Our groups are led by intentional leaders and meet weekly in homes around the DC area and at MBC Tysons. The group provides opportunity for honest, transparent, and authentic relationships where each member is actively becoming a disciple who makes disciples of Jesus Christ.
But it is easy, oh so easy, to move through the church like a shadow. Or, more significantly, to have nothing meaningful to do with folks who are different from you or don't share your particular interests. That's a problem in smaller churches too, of course.
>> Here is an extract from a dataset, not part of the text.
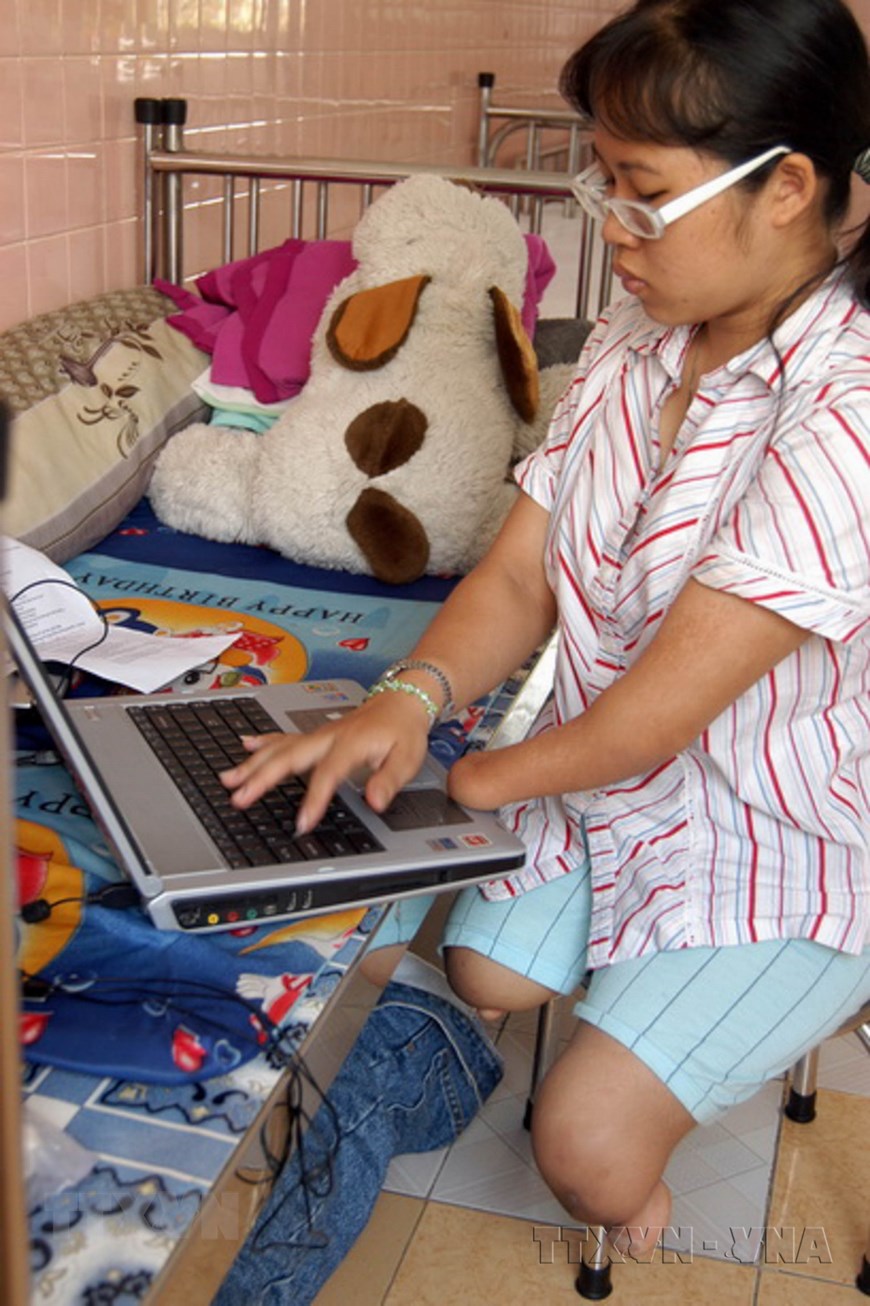 | Giờ học của em Trần Thị Hoan, học sinh khuyết tật do di chứng chất độc da cam/ dioxin được chăm sóc, nuôi dưỡng miễn phí tại Làng Hòa Bình, Từ Dũ, TP. Hồ Chí Minh năm 2008 |
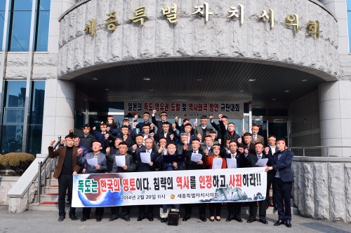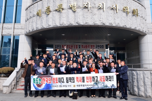 세종특별자치시의회(의장 유환준) 의원과 의회사무처 직원 등 40여명은 20일 11시 세종시의회 현관 앞에서 일본의 독도 영유권 도발 및 역사왜곡 망언 규탄대회를 가지고 성명서를 발표하였다.

But a ministry that is intentionally structured around appealing to particular demographic categories or areas of affinity...and provides little opportunity for transforming relationships in the broader life of the church...runs the strong risk of being "diverse" in the way a high school cafeteria is diverse. Or, again, as a mall is diverse.
Second, and this is a matter of aesthetics, MBC's facility really doesn't present like sacred space. It is an unquestionably utilitarian building, and well-designed for it's purpose. But it's also essentially secular in appearance. There is no significant design feature in the building itself that contributes to a sense of being on holy ground, unless you consider Nordstrom to be holy ground. Ultimately, this doesn't bother most folks. Being American and all, we like the practical and the useful and the immediate. You can worship anywhere, and God is present wherever you seek God's presence. It is, as they say, what's inside that counts.
I came away from my Mclean Bible Church site visit in much the same way I came away from my reading of Joel Osteen’s “Your Best Life Now.”  Meaning, I found in it more that was graceful and good than I'd expected. The essential teachings of Jesus were there, up to a point, most likely in enough quantity that lives are being transformed and conformed to His grace. Westboro Baptist it most certainly is not.
It skillfully uses the tools of the marketplace, it has wildly succeeded according to the terms of the marketplace. But...as the early church learned when it conformed itself to the power of the state and reaped worldly prosperity...sometimes that comes with a cost.
And that poses a challenge for the folks who yearn for communities that are more intimate, that are more organic, that are less visible manifestations of material success.
It’s easy to look to such a congregation, and assume that this is goal.  Here, thousands upon thousands, getting exactly what they want.  Here, the message of the Gospel is being spread with the precision and efficiency of a rapidly spreading new franchise.
What ground do we have to stand on, if we want to offer something very, very different?
For that, let’s look to where scripture offers us theologies of intimacy, and the spirituality of the small.


LINK TO CHAPTER FIVE


QUESTIONS FOR REFLECTION AND DISCUSSION:

  1. What is the largest congregation or faith community you’ve ever participated in?  Share with one another what that experience was like.
  2. Large congregations, in order to engage membership and sustain relationships, often create smaller communities within themselves.  What are some examples you can think of/imagine?  How are those “little churches in the big church” different from a free-standing small community?
  3. What are some of the benefits of a larger faith gathering?  What are the weaknesses?
  4. One observation made during the site-visit/participant observer case study laid out in this chapter was that every aspect of the life of the megachurch was perfectly, seamlessly choreographed and planned.  Is this appealing?  If so, why?  If not, why not?